Featured Article Of The Week

Central Indiana State Hospital


CSHpc3.jpg

Central State Hospital was brought into existence by an Act of the 1844-1845 Indiana General Assembly which provided for "the procuring of a suitable site for the erection of a State Lunatic Asylum." The property, consisting of 160 acres of farmland belonging to N. Bolton, was selected due to its proximity to the State Capitol. Purchased at the rate of $33.125 per acre, the property passed to the State of Indiana on August 29, 1845.

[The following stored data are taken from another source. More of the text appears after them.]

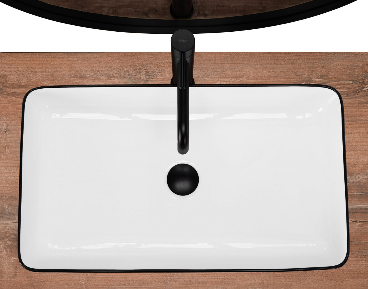 Lavoar pe blat Rea Denis dreptunghiular finisaj alb - negru 62 cm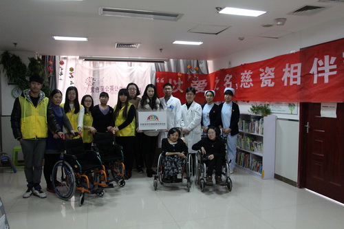 11 月 19 日 上午,yl23455永利官网紫色蒲公英公益服务团队再次来到天津市武清区人民医院,此行的目的是为太阳语罕见病心理关怀中心及瓷娃娃病患家庭捐赠瓷娃娃专用轮椅。通过团队和指导老师安杨的积极努力,共为太阳语罕见病心理关怀中心及瓷娃娃病患家庭捐赠六台崭新的轮椅,且现场组装两台轮椅捐赠给急需轮椅的两名瓷娃娃家庭,并接受了天津电台的采访。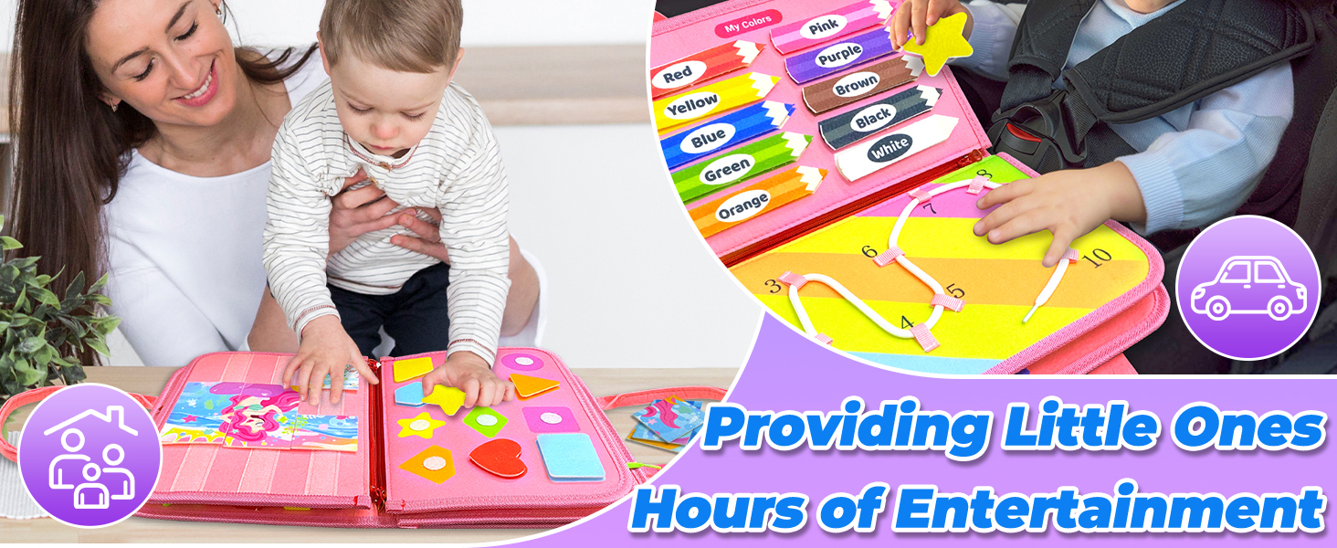 - Portable Travel Toy: Lightweight and portable, our busy board is an excellent travel toy for toddlers to carry it around, perfect for car & plane travel activities. Enjoy some quiet time for yourself on a road trip & airplane travel!

An Act approved on January 19, 1846 provided "That the Commissioners of the Indiana Lunatic Asylum are hereby authorized to cause to be erected upon the grounds heretofore purchased for that purpose, suitable buildings for the use and accommodation of said institution, which shall hereafter be called and known by the name of the Indiana Hospital for the Insane, and also to make such improvements upon and about said grounds as they may think expedient and proper." To fund the construction, an appropriate of $15,000 was approved "for the purpose of defraying the expenses incurred under the provisions of this act."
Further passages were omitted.